При всей мозаичности эмиграции, унесшей в зарубежье в миниатюре "всю Россию", при всем разнообразии путей и способов "спасения России" у русской эмиграции такой идеал имелся - великая, свободная и демократическая Россия. В отношении ушедших в эмиграцию и оставшихся в пределах отечества можно, воспользовавшись словами западника Герцена о славянофилах, сказать: "Да, мы были противниками их, но очень странными. У нас была одна любовь, но не одинакая... И мы, как Янус или как двуглавый орел, смотрели в разные стороны в то время, как сердце билось одно" 2.

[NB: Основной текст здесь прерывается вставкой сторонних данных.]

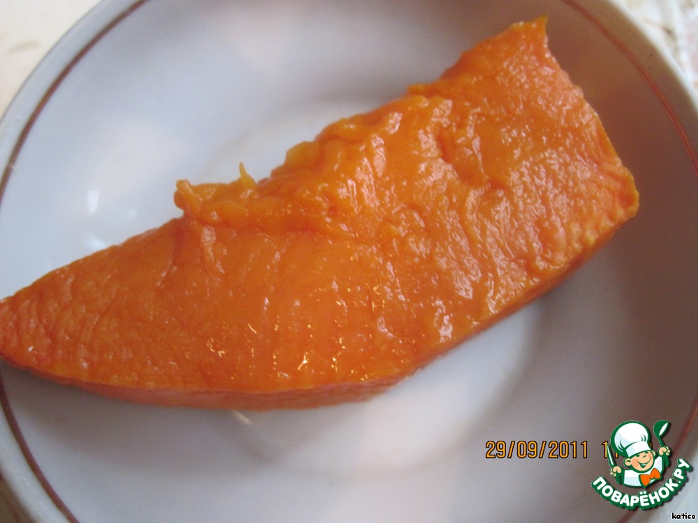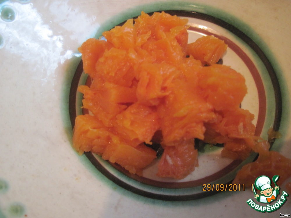 Запечь, остудить и пюрировать тыкву, оставить маленький кусочек тыквы (50-70 г), он нам понадобится для салата.
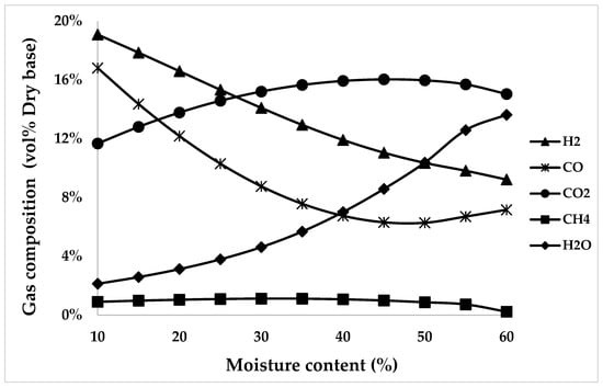 The moisture content varies depending on the raw material to be gasified and is a determining factor as it involves energy consumption for drying the material [23]. Energy consumption is proportional to the material’s moisture and can also lead to changes in the syngas composition [24]. Moisture content implies a decrease in the quality of synthesis gas for the formation of compounds that contribute to the calorific value of the gas mixture, such as methane, hydrogen, and carbon monoxide. This is because water favors the formation of carbon dioxide, which does not contribute to the calorific value of the product. Additionally, for moisture values above 35%, hydrogen is reduced due to water formation in total combustion reactions. Since hydrogen is the main compound contributing to the calorific value of the process, it is not advisable to allow its reduction. The author [25] finds that low moisture values benefit the gasification process primarily due to the minimization of residue formation. They also analyze this parameter through the energy criteria of the produced syngas, observing that the calorific value varies minimally as moisture increases. The important factors are the tar fraction and the cold gas efficiency (CGE), which are minimum and maximum, respectively, at low moisture levels. The thermal efficiency of the process will be proportional to the moisture content of the biomass due to the increased energy demand for drying and a decrease in the quality of the syngas.
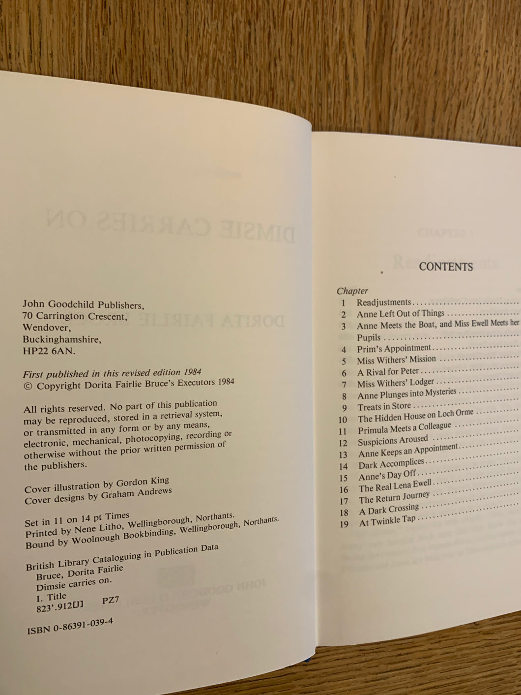 ‘Dimsie Carries on' by Dorita Fairlie Bruce. Published by John Goodchild Publishers. 1984. UK 1st revised edition.
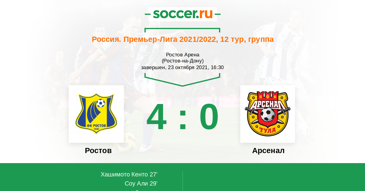 Протокол матча Ростов против Арсенал
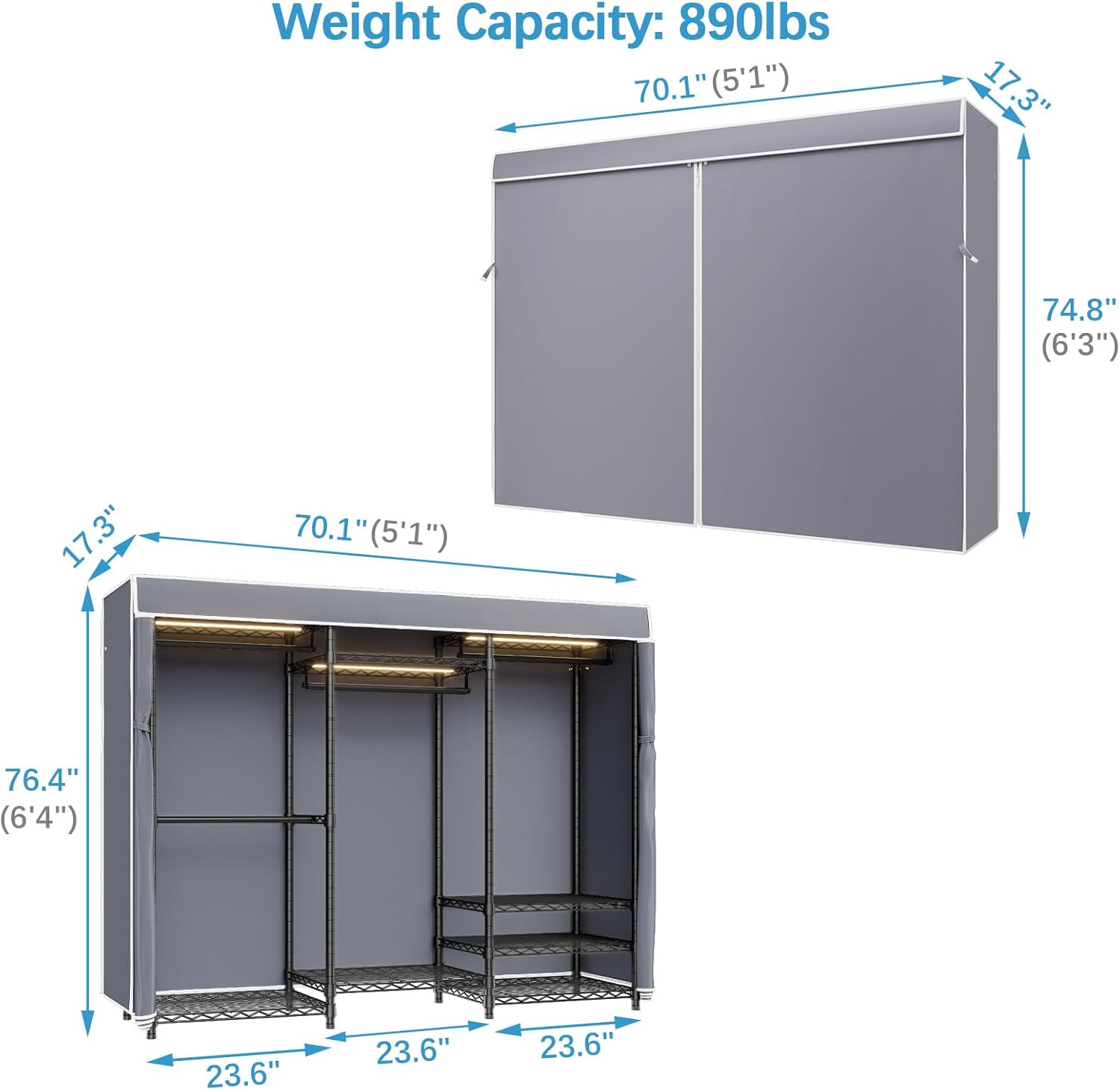 • Dimensions & Load Capacity: 70.1" L x 17.3" W x 76.4" H (includes cover). Load capacity up to 890 lbs. Single hanging rod can support up to 88 lbs, Wire shelf can support up to 90 lbs for each.
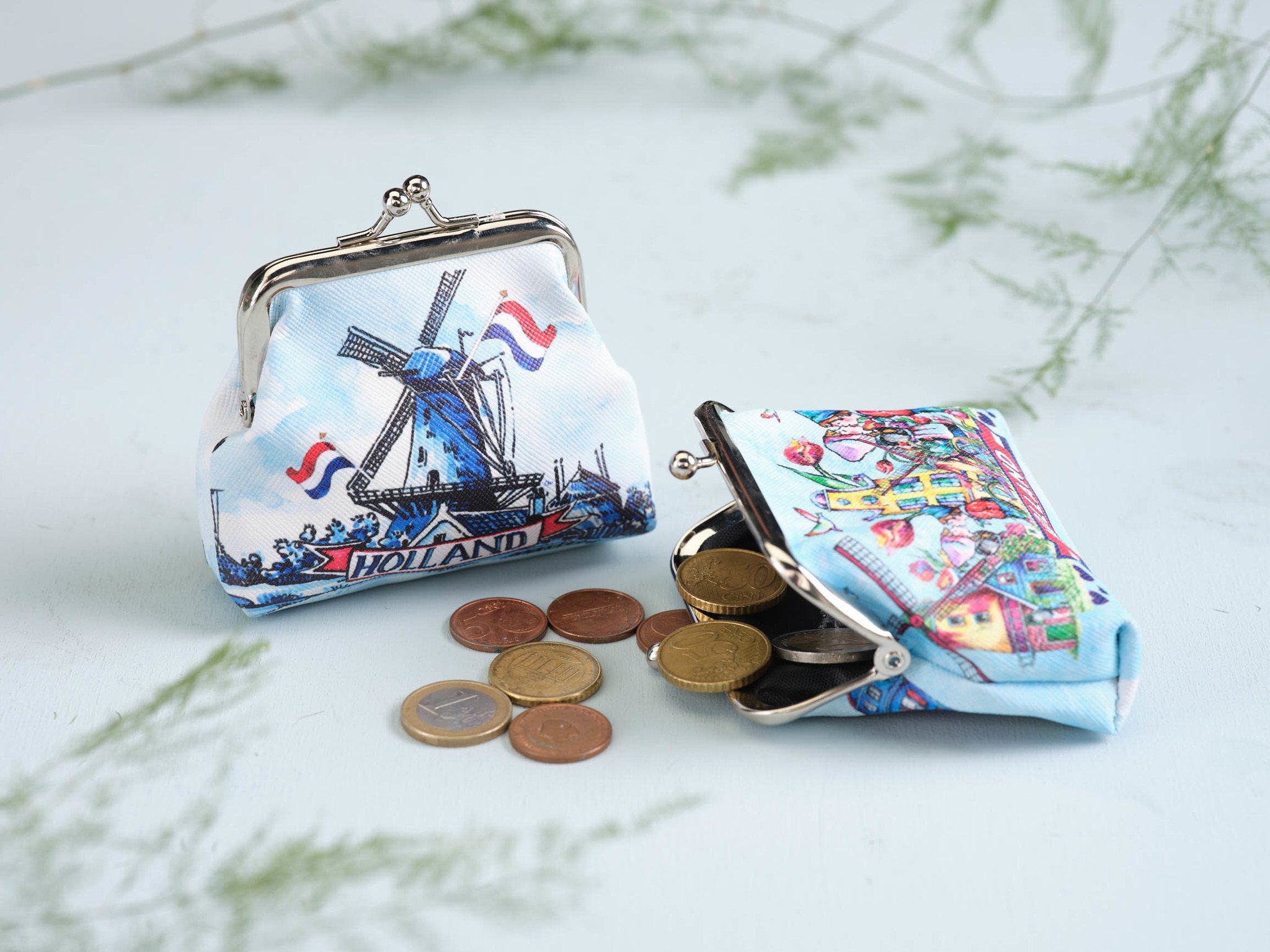 Möchten Sie eine Brieftasche von Typisch Hollands kaufen? Das hier ist hübsch, mit einer holländischen Windmühlenlandschaft. Wahnsinnig schöner Vintage-Druck. Abmessungen: 10 x 9,5 cm

У эмиграции было много пороков. Наверное, нет тех смертных грехов, через которые не прошли эти лишившиеся земного притяжения люди. Грехи эмиграции длительное время рассматривались через самое увеличительное стекло, смаковались и выволакивались для всеобщей хулы. В худшие годы нашей истории действительные или мнимые грехи эмиграции широко использовались для борьбы с честной и свободной мыслью в советской России, прежде всего для шельмования интеллигенции. Всем нам памятны совсем еще недавние времена, когда, пороча честных советских писателей, фельдфебели от культуры именовали их "литературными врангелевцами", намекая на то, что они предали интересы народа.
Изучая наследие и уроки эмиграции, нельзя не признать, что, погрязая в грехах, свойственных жизни в отрыве от собственного народа, - в грехе словоблудия, обывательщины, самомнения или, напротив, самоуничижения (что было чаще), эмиграция уберегла себя от главного, "печеринского" греха. И только какой-нибудь безумец в пьяном безысходном отчаянии мог бы повторить печально известное:
Как сладостно отчизну ненавидеть
И жадно ждать ее уничтоженья,
И в разрушении отчизны видеть
Всемирного денницу возрожденья! 3
В. С. Печерин, по рассуждению Н. А. Бердяева, был одним из первых русских эмигрантов, уехавших на Запад от гнета николаевской эпохи.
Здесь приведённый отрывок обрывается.